UCLA took on water midway through the season with back-to-back losses to Utah and Oregon, and the national media just assumed the S.S. Bruin was unsalvageable.

But the Bruins bailed the water out. And five wins later -- including their most recent 38-20 pasting of USC Saturday night -- No. 9 UCLA once again finds itself hanging around for a spot in the College Football Playoff. And while swallowing a pair of home losses never sits well, perhaps the silver lining of the mid-season defeats is that the national media turned its oppressive stare away from Westwood, giving the Bruins the space they needed to grow into the team that throttled its rivals at the Rose Bowl Saturday night.

[+] EnlargeMyles Jack
Chris Williams/Icon SportswireFor the third straight season, UCLA punched USC in the mouth and defeated the Trojans by double figures, a streak that hasn't happened in nearly 60 years.
“I don’t know if it was the external pressure as much as it was the pressure we put on ourselves,” UCLA defensive coordinator Jeff Ulbrich said. "We’ve got a young roster. They wanted it so bad. I dare to say too bad, to the point where they were pressing. This team has been built upon these guys trusting each other and loving ball and they almost lost that a bit in that mid-season lull. We dropped a couple and we swore to get back to who we are and not care about what everyone else thinks about us.”

Saturday night, UCLA looked every bit the dominant team many thought it would be when the Bruins were tapped as the No. 7 team in the country in the preseason. The defense was vicious -- sacking USC quarterback Cody Kessler six times and picking up eight tackles behind the line of scrimmage. The Trojans, who averaged 35.2 points per game coming into the game, were held to just 20 points.

Offensively, quarterback Brett Hundley shook off an early pick-six and ended up 22-of-31 for 326 yards and three touchdowns. He also rushed for a 15-yard score.

And let’s not overlook the fact that the Bruins are now 3-0 against USC in the Mora era. To boot, all three wins have come by 10 points or more. The last time that happened was 1953-55, a time period that saw the Bruins win the UPI national championship in 1954.

Mora took all of two sentences to relish the significance of the win.

“We don’t bask in moments,” he said. “We’ll just move on to the next moment.”

The next moment involves a Stanford squad that is 3-0 against Mora.
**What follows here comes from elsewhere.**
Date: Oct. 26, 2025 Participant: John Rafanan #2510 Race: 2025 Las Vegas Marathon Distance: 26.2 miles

With a victory Friday the Bruins will clinch the Pac-12 South and face the Oregon Ducks in the Pac-12 championship game. If they lose, then Saturday’s Territorial Cup between Arizona State and Arizona will determine the division champion.

Schematically, the Bruins didn’t make any drastic overhauls when they hit their two-game skid. They took the leash off Hundley and gave him more freedom to run. And they put more of an emphasis on their base offense. But for the most part, the UCLA team Saturday -- from an X's and O's standpoint -- was the same that won Aug. 30 at Virginia.
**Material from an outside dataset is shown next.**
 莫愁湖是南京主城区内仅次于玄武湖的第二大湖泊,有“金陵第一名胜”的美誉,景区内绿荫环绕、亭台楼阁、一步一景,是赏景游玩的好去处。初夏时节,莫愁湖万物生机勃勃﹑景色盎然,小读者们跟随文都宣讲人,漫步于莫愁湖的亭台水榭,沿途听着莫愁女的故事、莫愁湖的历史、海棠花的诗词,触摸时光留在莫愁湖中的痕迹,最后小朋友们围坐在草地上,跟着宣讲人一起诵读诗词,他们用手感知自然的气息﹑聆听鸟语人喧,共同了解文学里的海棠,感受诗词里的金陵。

“Those two losses feel like 100 years ago,” offensive coordinator Noel Mazzone said. “That doesn’t mean I’m not [upset] that we lost both. I think we’ve seen the offensive line really improve over the last month. And the glass half full is that maybe we’re a better football team because of those losses. The kids refocused, and we went back to our base, and we figured we’d just get good at what we do.”
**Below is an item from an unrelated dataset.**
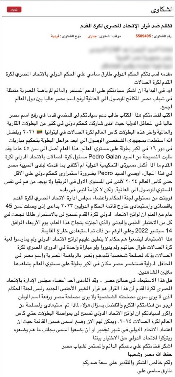 وتساءل الحكم الدولي: هل هذا الاستبعاد في صالح مصر، وقد أفادني أحد أعضاء مجلس الإدارة بالإتحاد المصرى لكرة القدم أن هذا القرار هو قرار الخبير الأجنبي الجديد رئيس لجنة الحكام الذي لا يرى سوى مصلحته الشخصية، ولا يرى مصلحة مصر ورفعة اسم الوطن، أرجو من فخامتكم التكرم والتفضل بسؤال هؤلاء لماذا تم استبعادي ولمصلحة من وأكرر لسيادتكم أن لوائح الاتحاد الدولي تسمح لي بمواصلة البطولات حتي كاس العالم لكرة الصالات 2024.

It sounds simple enough. The result has been a spike in the national rankings and UCLA’s second win over a top-20 team in its last five games. And the Bruins are sure to climb again when the new rankings are released Tuesday, given their win over the No. 19 Trojans and Ole Miss’ loss to Arkansas.

Of course, just like when his team was ranked No. 7 in the preseason, Mora was in no mood to talk about the playoff.

“I talk about the Pac-12 championship,” he said. “We have to win Friday. If we can win Friday, we will have another shot to win the Pac-12 championship. I don’t talk about that other stuff.”

And yet the “other stuff” can’t be ignored. Because if the Bruins were to win the conference, it would include a win over (likely) No. 2 Oregon and give them a compelling case for being the best two-loss team in the country. And if a conference championship counts for something -- as the selection committee claims -- the Bruins would have a very strong argument for inclusion.